The in vivo approaches used in this study indicate that, beyond the classical role of DCs in antigen presentation, these cells also contribute to the direct elimination of iRBCs during acute Plasmodium infection. For several days after Pc infection, subcapsular RP DCs were highly efficient in the recognition and capture of iRBCs. Complete DC maturation appeared to be achieved only during crisis when restructuring of the spleen might facilitate the development of the acquired immunity. Taking into account the specifics of different parasite-host interactions, we speculate whether our findings in mouse models could be applied to human malaria. The adhesion of P. falciparum iRBCs to human monocyte-derived DCs through the scavenger receptor CD36 has been shown to inhibit DC maturation and subsequently reduce their capacity to activate T cells [58]. This observation was interpreted as the impairment of the DC function during P. falciparum infection. However, our data showing the induction of FcγRI in splenic DCs during pre-crisis open the possibility that recognition of opsonized iRBCs through this receptor can overcome the down-regulatory activity of CD36 signaling. Thus, the opposite effects of malaria on DC function could be related to the different activation profiles of DCs, which are greatly influenced by the surrounding tissue microenvironment, rather than other factors previously discussed such as different species and strains of hosts and parasites [59]. Together, our data add novel information to this area of immunology and demonstrate that in vivo imaging may help to unravel the mechanisms underlying protective immunity against malaria.
Materials and Methods
Mice, parasites and infections
Six- to eight-week-old B6, B6.CD11c-DTR [28], B6.CFP [60] and B6.CD11c-YFP mice [61] were bred under specific pathogen-free conditions at the Animal Facilities of Instituto Gulbenkian de Ciência (IGC), Instituto de Ciências Biomédicas at the Universidade de São Paulo (ICB-USP) or Institut de Transgénose Orléans-Villejuif.
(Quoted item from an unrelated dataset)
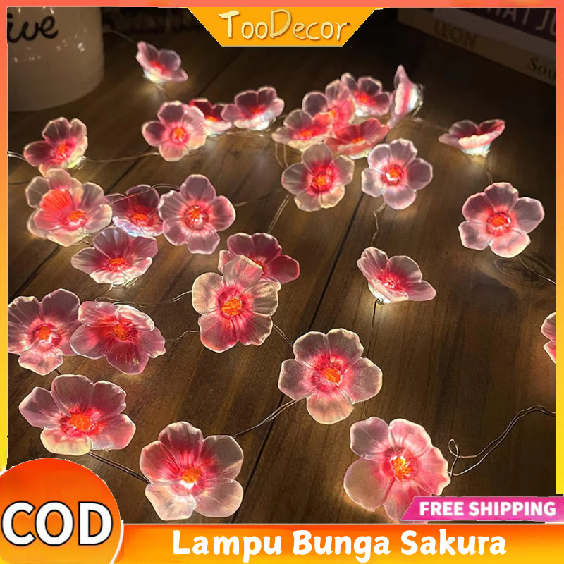 3/4/5M USB Lampu Bunga Sakura Liburan Pernikahan Lampu Bunga Sakura String Kamar Tidur Lentera Kecil
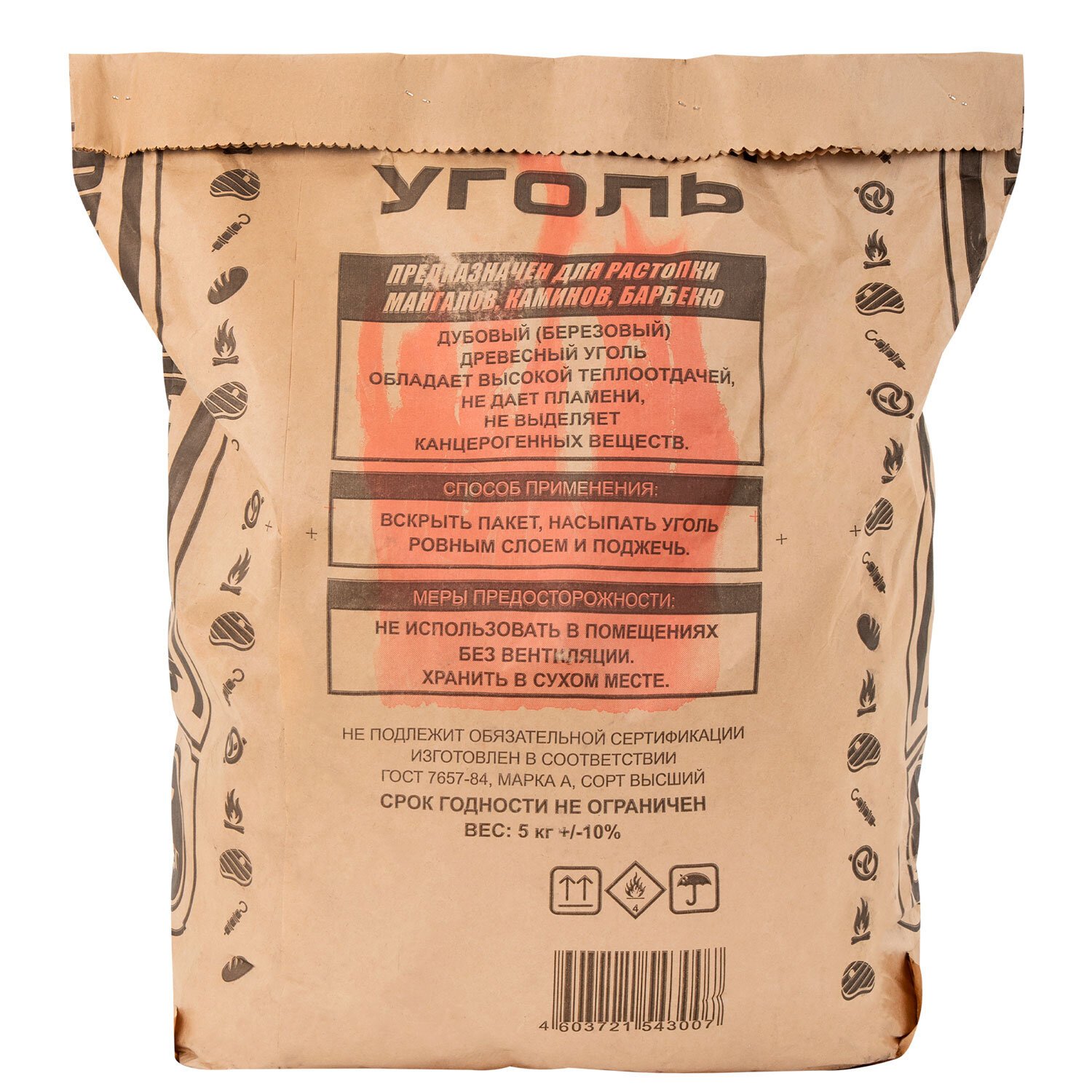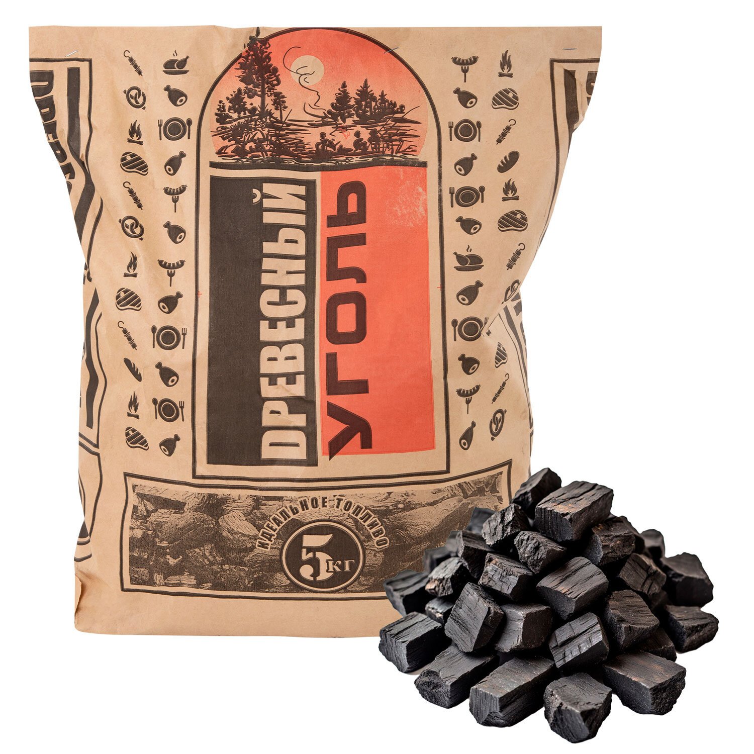 Уголь изготовлен из отборных сортов древесины. Вес — 5 кг. Подходит для всех типов грилей и мангалов, отличается долгим горением, отсутствием копоти и легким розжигом. Обладает высокой теплоотдачей, не дает открытого пламени, не выделяет вредных веществ — идеален для приготовления еды на открытом огне.

Pc (AS strain), Py (XL strain) and mCherry-Pc were maintained previously as described [62], [63]. GFP-Pc parasites were selected by treatment with pyrimethamine (Sigma-Aldrich, USA) [64]. The Instituto de Medicina Molecular at the Universidade de Lisboa provided Anopheles stephensi mosquitoes infected with Pb (ANKA strain). Mice were infected intraperitoneally (i.p.) with 1 × 106 iRBCs (blood from infected mice), and intravenously (i.v.) with 1 × 108 iRBCs or 1 × 103 sporozoites. Purified iRBCs were used where specified. The iRBCs were obtained during a period of the circadian cycle in which mature stages predominated (>95% late trophozoites/schizonts).
Ethics statement
All procedures were in accordance with the national regulations of Conselho Nacional de Saúde and Colégio Brasileiro em Experimentação Animal (COBEA) and Federation of European Laboratory Animal Science Associations (FELASA). The protocols were approved by the Comissão de Ética no Uso de Animais (CEUA) of ICB-USP, São Paulo, Brazil under permit numbers 0036/2007 and 0174/2011, and by FELASA under permit number AO10/2010.
DTx and ClLip treatments
To deplete CD11c+ cells, B6.CD11c-DTR mice were injected i.p. with a single dose of 2 ng/g body weight of DTx (Sigma-Aldrich) 24 h before iRBC infection or 48 h after sporozoite infection. This dose is half of the one previously established to deplete CD11c+ cells [65] and it was used to reduce drug toxicity. To deplete MARCO+/MOMA1+ cells, B6 mice were injected i.v. with 8.5 µg/g body weight of ClLip 24 h before infection [40]. Phosphate buffered saline (PBS) or PBS liposomes (PBSLip) were injected as controls. The procedures to obtain ClLip and PBSLip were described elsewhere [66].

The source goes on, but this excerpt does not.